Im not saying the liver does not process higher blood sugars during the night. What I am saying is its from food being digested during the night. Its not some mystical body function just processing sugar from nothing.
I think the debate centres around two candidates. Did the 'mystery sugar' in our fbgl come from stored reserve, or from metabolising either carbs or protein during the night? i think I can discount carb metabolising as being my source, since I have gone to bed with a 4 hr PP reading close to hypo, with no correction applied, but woke with higher fbgl. So it is either liver boost or protein for me.

I favour protein because gluconeogenesis needs ketosis to be active, but with the liver stores to be depleted. When i had a fatty liver, i did not see any evidence of liver dump, but now I have lost visceral fat, i do get it now. I am only recently getting into ketosis since dropping my carbs to below 50g, so liver dump is less likely.
 
He's on Metformin, Glicazide and another one I can't remember the name of. Readings are before he takes meds.

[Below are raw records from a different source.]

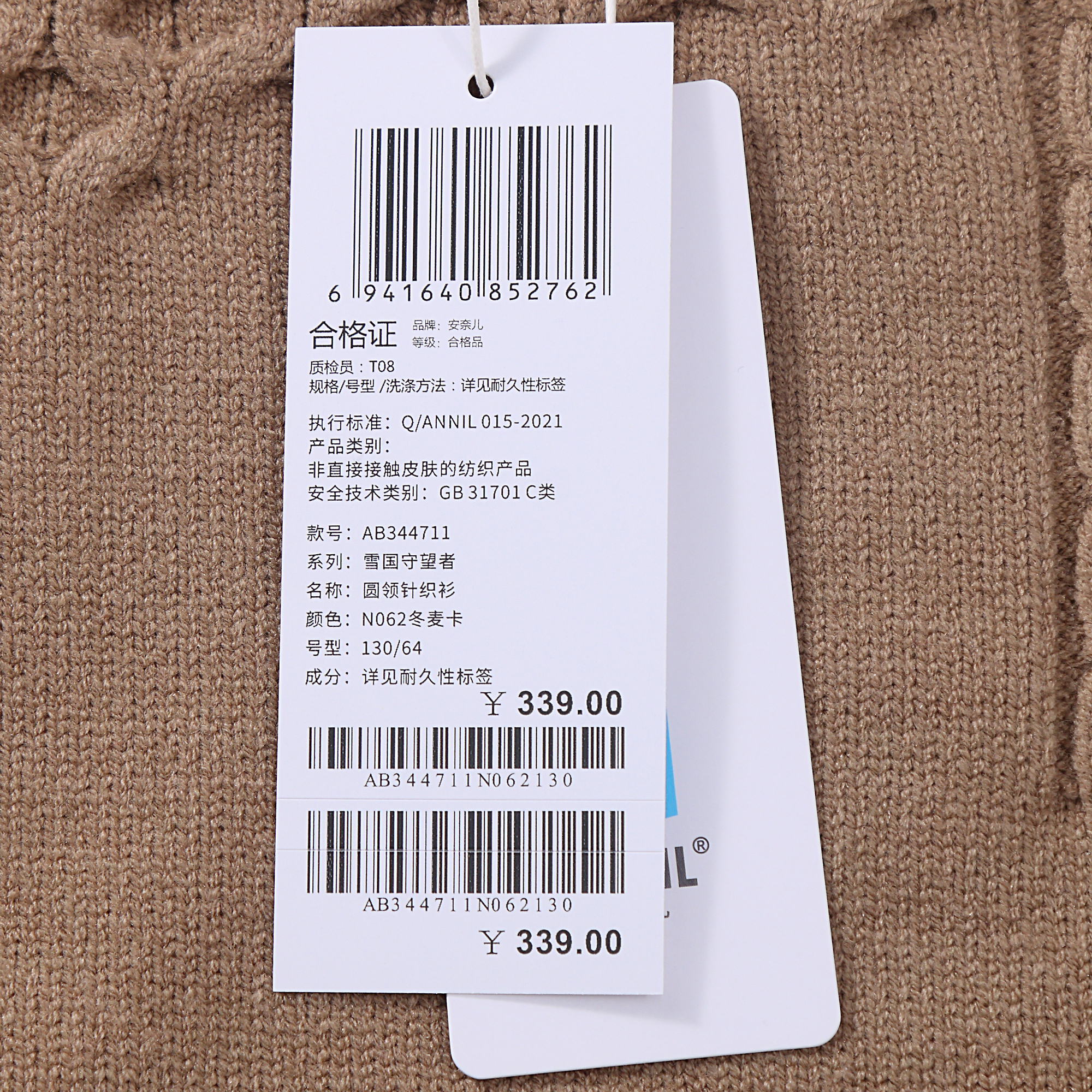 【实体店同款】男童毛衣针织衫新款冬装时尚安奈儿童装AB344711
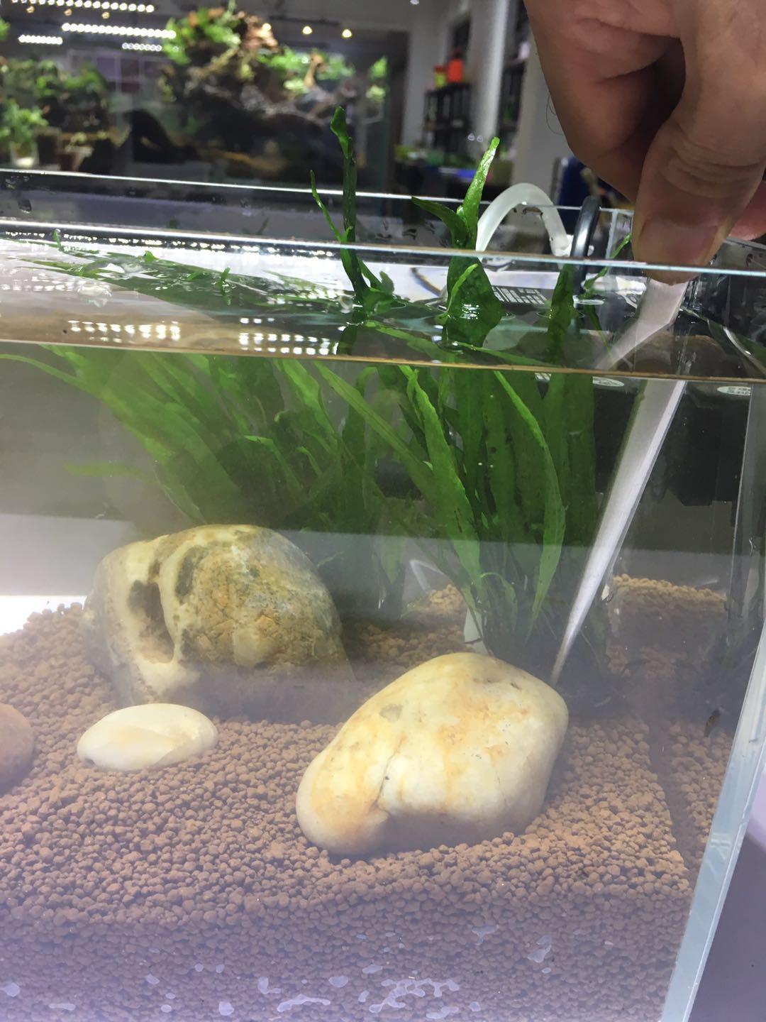 最后来点总结,一个生景观缸好不好看,石头摆放位置,水草种植很关键,这要慢慢去体验实践进步的,刚种好水草水有点浑没关系,三四小时后就是这样子了;
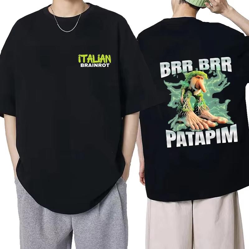 Italian Brainrot FunnyTralalero Tralala Tung Tung Sahur Bombardiro Printed Cotton T-shirt Summer Men's Loose Comfortable Top
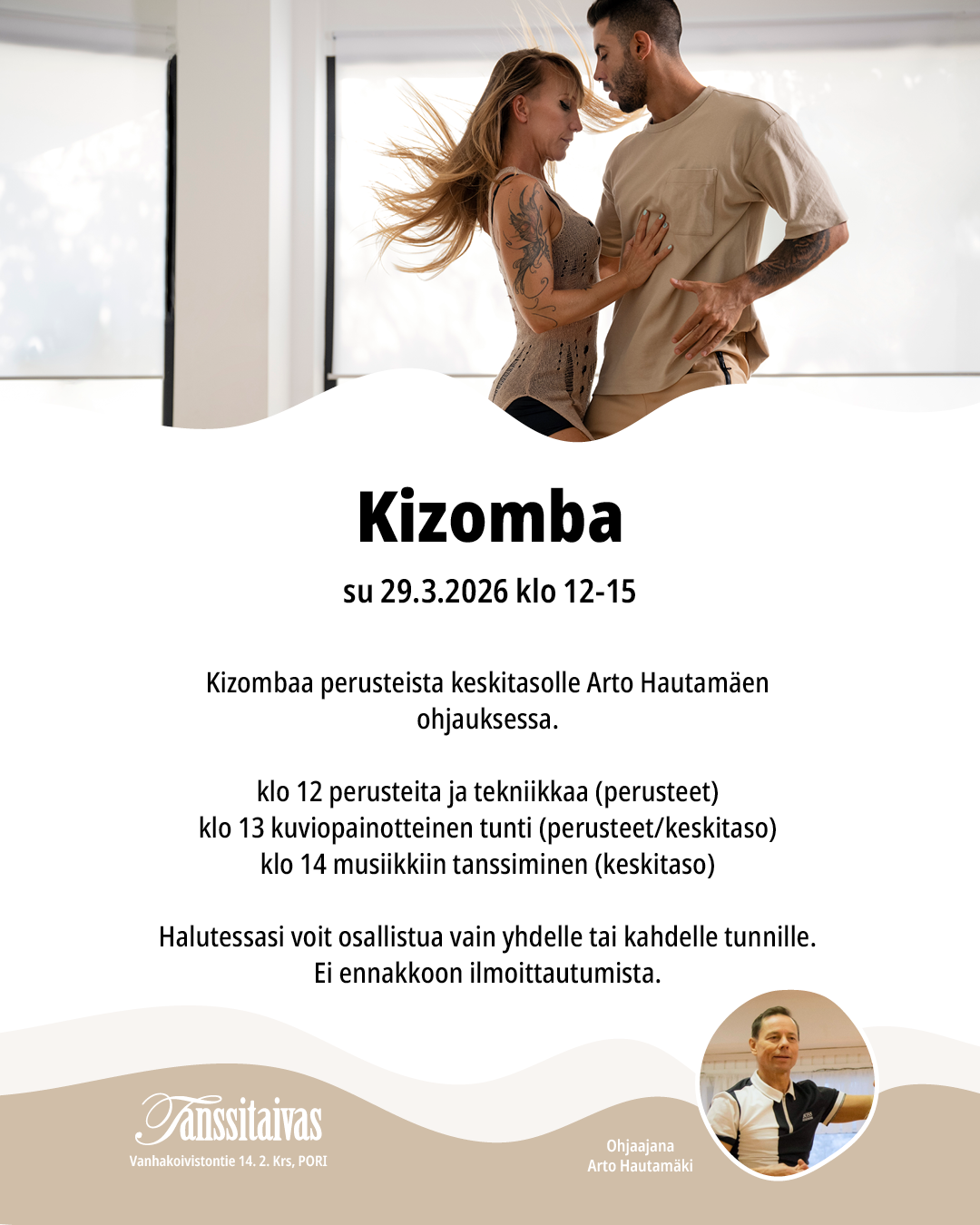 Kizombaa perusteista keskitasolle Arto Hautamäen ohjauksessa.

If its due to liver dump, then it should improve as the fat stores deplete from the LC diet. if the levels still creep up in the morning, then it may be what was eaten before bedtime doing the biz. There is a third possibility, and that is a nightime hypo occurring. Normally i would say that oral meds should not produce one, but a reading of 5.4 could drop lower due to the Gliclazide, and lead to a hypo with the liver taking emergency steps to protect. This is more of a problem for insulin Dependants, but Gliclazide and LCHF could have the potential for it too.

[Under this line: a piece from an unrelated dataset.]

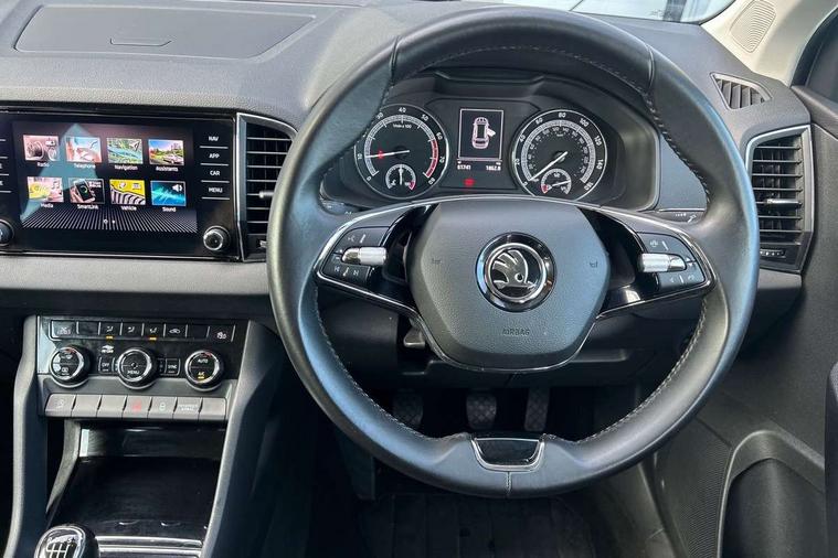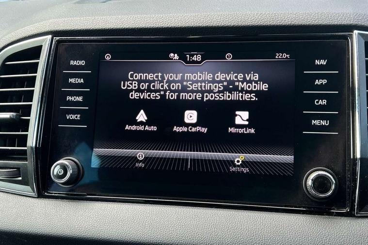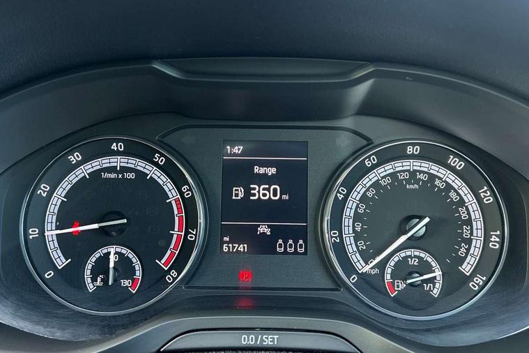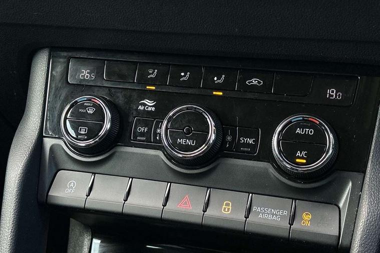 Care connect, Driver alert system, Driver fatigue sensor, Driver profile selection, Electro-mechanical PAS, Outside temperature gauge, Service interval indicator, SmartLink + wireless for Apple and wired for Android, Start/stop system with regenerative braking, USB C Port x 2 in front centre console, WLAN, DAB radio with Bluetooth, USB connection, Acoustic glass, Aero front windscreen wipers with intermittent function, Automatic headlight control system, Black electric window control buttons, Body colour door mirrors and handles, Body coloured bumpers, Electric front and rear windows with child proof lock, Electrically adjustable heated folding and auto dimming door mirrors, Heated rear windscreen, LED rear lights with high functionality, Light assistant (coming/leaving home/tunnel light), Privacy glass, Safety reflectors on front doors, Third brake light, 1.5 litre bottle holders in driver and front passenger door panels, 12V socket in boot, 12v socket in front centre armrest with storage compartment and rear air vents, 2 Folding hooks and nets in boot, 2 Front readings lights for driver and passenger, 3 rear height adjustable headrests, 4 foldable roof handles with rear coat hooks, 4 lashing points on luggage floor, Backrest release, Cargo elements in boot, Chrome inner door handles, Driver and passenger seats height adjust, Folding tables on the front seat backrests, Front head restraints, Front seat and rear pockets, Height adjustable front three point seats belts with tensioners, Height/reach adjust steering wheel, Ice scraper, Illuminated and cooled glovebox, Illuminated luggage compartment, Isofix child seat preparation outer rear, Manual lumbar support for front seats, Net programme in boot, Pen holder, Pollen filter, Rear boot cover, Rear reading lights, Rear seats fixed folding and divided 60:40, Safety vest holder, Storage box in upper central dashboard closed, Sunvisors with illuminated vanity mirrors, Umbrella under passenger seat, Airbags - Front side, head, knee and curtain, Automatic door unlocking in case of crash, Automatic fuel cut off in case of crash, Driver airbag, Electronic parking brake with auto hold function, Emergency rear braking signal, ESC including ABS, MSR, ASR, EDS, HBA, DSR, RBS, MKB and traction control, Front assist radar scanning of the space in front of the car with automatic braking, Hill hold control, Passenger airbag with switch-off function, Pedestrian monitor, Seatbelt reminder signalisation and pretensioner for all seats, Three point seatbelts rear, Two tone horn, Tyre pressure display, Tyre pressure monitor, Alarm with interior monitoring, back up horn and tilt sensor with safe function, Electronic engine immobiliser, Remote central locking with 2 remote folding keys, Chrome framed air vents, Storage on wheel cover,
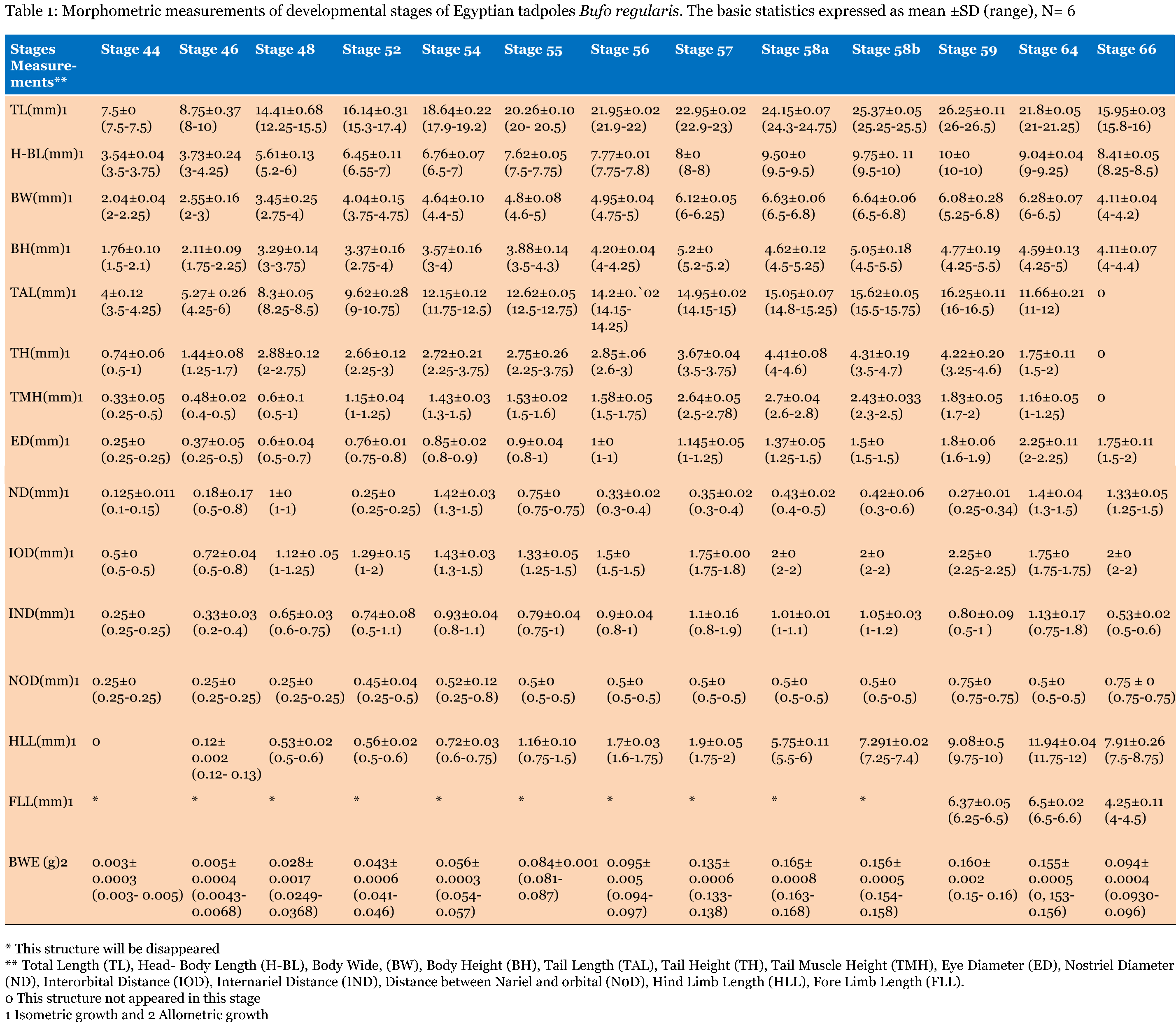 | Morphological and morphometric study on the early developmental stages of the Egyptian toad Bufo regularies Reuss | ||||||

A nightime hypo is difficult to detect when asleep. If he wakes up sweating then that might be a sign, or a headache / muzzy head in the morning. Other than that, and in the absence of a CGM meter (constant monitor) then waking him up in the early hours and testing is the usual way to catch one.

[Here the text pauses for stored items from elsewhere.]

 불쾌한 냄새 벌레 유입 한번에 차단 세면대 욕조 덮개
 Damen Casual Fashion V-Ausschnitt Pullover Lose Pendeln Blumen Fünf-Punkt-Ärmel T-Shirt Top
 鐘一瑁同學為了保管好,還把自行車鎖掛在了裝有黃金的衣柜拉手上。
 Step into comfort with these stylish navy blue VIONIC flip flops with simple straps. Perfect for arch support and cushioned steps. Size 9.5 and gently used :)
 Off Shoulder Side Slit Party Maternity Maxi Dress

One last question, What meter is he using? Some meters read high due to either test strip variances, or their calibration, so a 5.4 on the meter could actually be physically lower.
 
Showed this to the other half, who said "The nurse who does the blood tests told me to do exercises like this. She said it really works". Only, of course, he hasn't bothered to do it has he! So he says he'll give it a go. Thanks.
 
Showed this to the other half, who said "The nurse who does the blood tests told me to do exercises like this. She said it really works". Only, of course, he hasn't bothered to do it has he! So he says he'll give it a go. Thanks.
@Magisham...look through the Glucosezone videos as i find that the seated one which is mostly upper body workout, works for me to deplete glycogen stores quickly and great for toning flabby bits lol!!

However my diabetic friend....the seated one doesnt work as well for her....she needs to do the lower body or whole body one to deplete her stores. Different for everyone i guess. Good luck to your other half....do let us know if it works?
 
He's never shown any signs of hypos and I do recognise the signs as my dad had them. I think he snacks too late myself. Can't remember what meter he's on and I'm in bed at the moment so don't want to go down now. I'll check tomorrow.
 
Not 'fat' released from a liver dump but glucose into the blood stream, then circulating into other organs and muscles.
 
All I do is mimic metformin without the side affects. Metformin can be useful in the insulin resistance fight.
Why turn your back on a solution to higher fbgs naturally rather than forced by meds.
I know you don't ignore anything @Larissima . My reply is inconjunction with dr fung's useful opinion.